1.   Significance of Managerial Economics

2.   Law of Diminishing Marginal Utility

3.   Price Elasticity of Demand

4.   Opinion poll methods of demand forecasting

5.   Production Functions

 

 

Section B (30 marks)

 

(Attempt any three)

1.   Discuss the law of demand. Explain the exceptions to the Law of Demand.

2.   Describe the types of demand along with functions of demand.

3.   Define managerial economics. Explain the role and responsibilities of managerial economist.

4.    Explain the concept of cost. Differentiate between total cost and marginal cost.

 

Section C (50 marks)

(Attempt all questions. Every question carries 10 marks)

 

Read the case “Coke Bottles Losses in India.” and answer the following questions:

 

Case Study: Coke Bottles Losses in India with a $400 Million Asset

 

That Coke was taking a hit in India was known, but to what extent wasn't. Now it is and it's stunning. Coca-Cola Co's chief financial officer, Gary Fayard told analysts in New York on Tuesday that the company was writing off $ 400 million of its assets in India in the first quarter of 2000. In other words, virtually half the investment made by the beverages giant in India has turned to ashes.

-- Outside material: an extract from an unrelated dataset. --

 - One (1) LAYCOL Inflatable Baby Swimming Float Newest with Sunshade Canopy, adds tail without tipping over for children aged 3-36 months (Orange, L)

This huge dent in its Indian assets, the company clarified, didn't in any way alter Coca-Cola's commitment to India. "We remain just as committed," said a company spokesman here, while declining to comment any further. He wouldn't be drawn into a discussion on the implications of the write off on Coke's future plans here or on whether this would lead to changes in the management structure.

The cat was out of the bag on January 26. When Coke filed its 1999 fourth quarter results with the US Securities & Exchange Commission on that day, it had admitted to a 21 per cent dent in its bottom line and a $ 45 million loss in that quarter.

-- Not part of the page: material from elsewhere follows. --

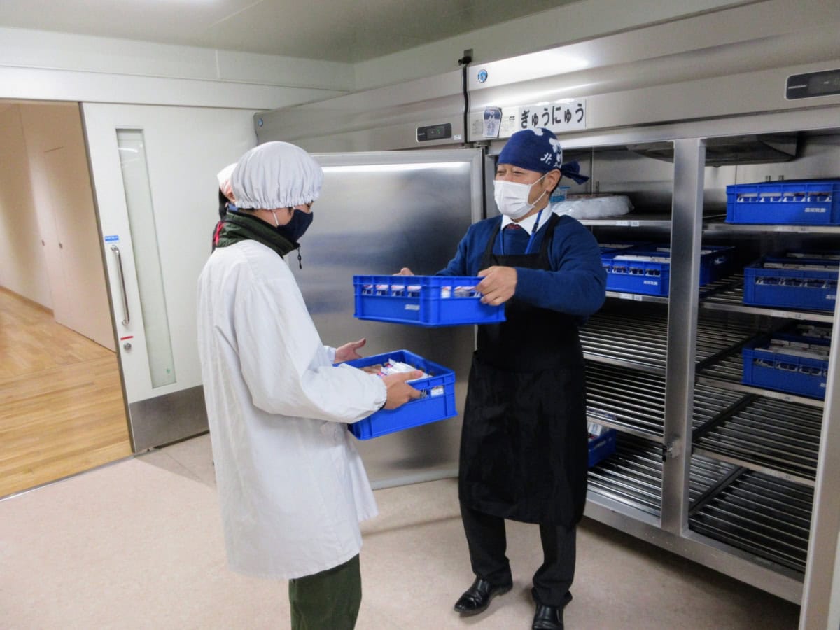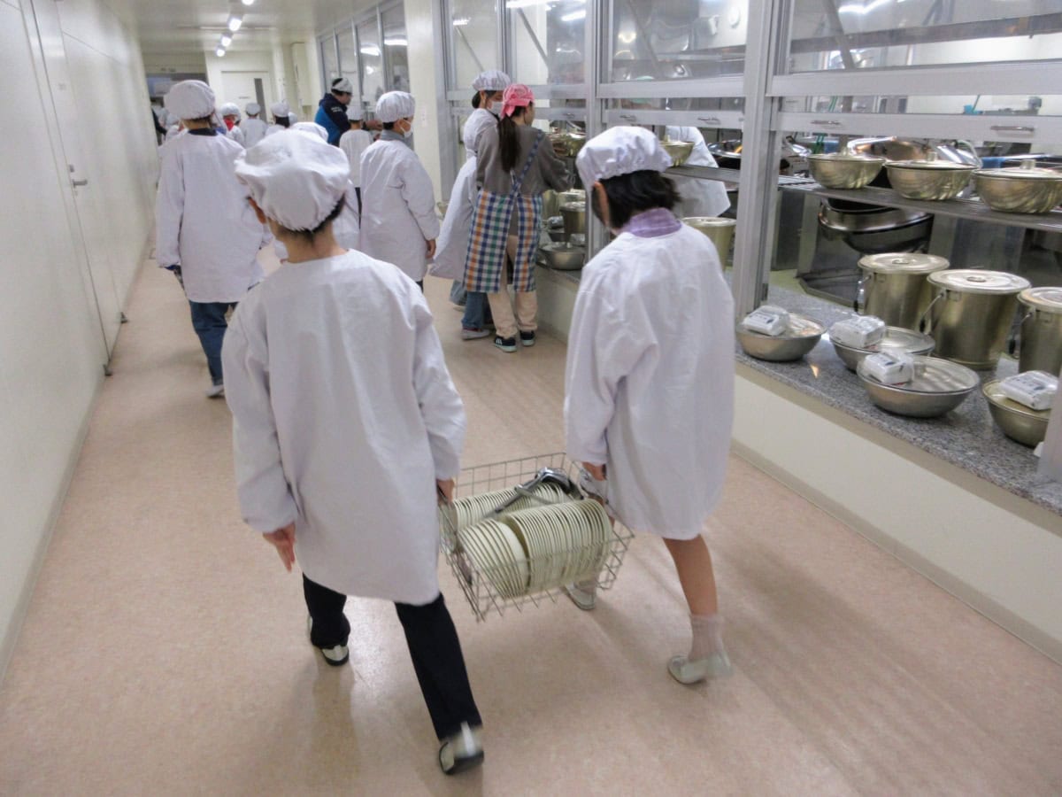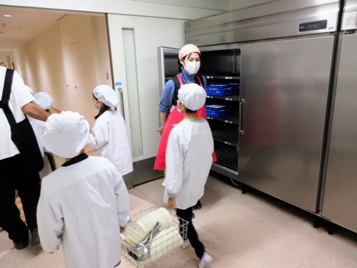 検食も終わり、お腹を空かせた、給食係の児童たちが給食室にやってきました。

It had admitted to more: "The reason for this is the company's investments in Japan and India." It had also said that it would carry out a comprehensive re-evaluation of its assets in India.

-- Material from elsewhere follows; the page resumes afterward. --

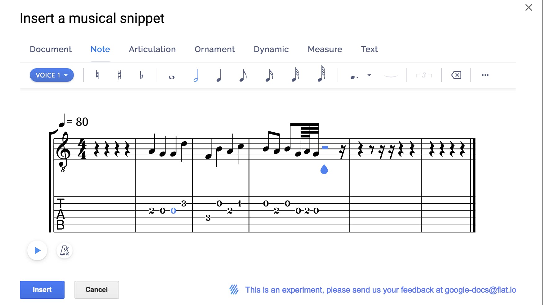 Gebruik Flat Music Notation om snel wat muzieknoten te noteren! Deze invoegtoepassing laat niet alleen toe om een kleine creatie te schrijven, je kunt hem ook beluisteren en rechtstreeks tweaken. Als je klaar bent, is er de knop Afspelen om de muziek te beluisteren. Deze muzikale snippet is een lite-versie van webbased applicatie Flat.

The job, therefore, was cut out for its new worldwide boss. Douglas Daft and his new Indian lieutenant Alex von Behr. And it was obvious that it wouldn't be a pleasant one. The magnitude of the writing down of its assets makes it appear that the Coke brass has chosen to make a clean breast of the Indian mess and restart it with a clean slate.

But why had the mess piled up in the first place. While Coke India itself is not communicative about it, piecing together available information makes it appear that the large losses were mainly due to three reasons - the huge expenses Coke incurred in buying out bottlers, its lavish market discounting schemes and its expensive advertising campaigns.

Coke is estimated to have paid off its bottlers about ` 1,500 crores for a smooth acquisition process, which apart from giving the company an integrating bottling network, hasn't really given commensurate returns. On top of that, there have been high discounting scheme expenses as well as the expenses to acquire key accounts (restaurants, five-star hotels, movie theatres) as well as costly ad campaigns (it's said that it has signed on current Bollywood sensation Hrithik Roshan for more than ` 5 crore).

The runaway expenses in India is said to have been worrying Atalanta for a while.

Coke's former boss, Doug Ivestor, had come to India in August 1999 to see things for himself. Prior to that, an audit team from the headquarters had visited the local HQ in Gurgaon and said to have found the expenses high indeed. Thereafter, there has been a change in local management structure and cost control measures were initiated.

Now, the impact of the write off could be two fold. One: Coca-Cola India now gets to start afresh. And two: the big brother in Atalanta is likely to keep a close eye on future expenses which might reduce the operating freedom of the local management.

 

 

Questions:

1.   What factors do you think influenced the demand for the Coca-Cola? How might these factors change over time?

2.   How does strategic behavior affect market shares, profitability and prices?

3.   Analyze the case. Comment on the nature of 'economic problem' and 'choice of strategy'.

4.   Analyze the market environment of Coca-Cola in India today. Comment on the observation, "AD war is a mad war; it is just a zero-sum game at the end."

What changes and measures were initiated to manage structure and cost control.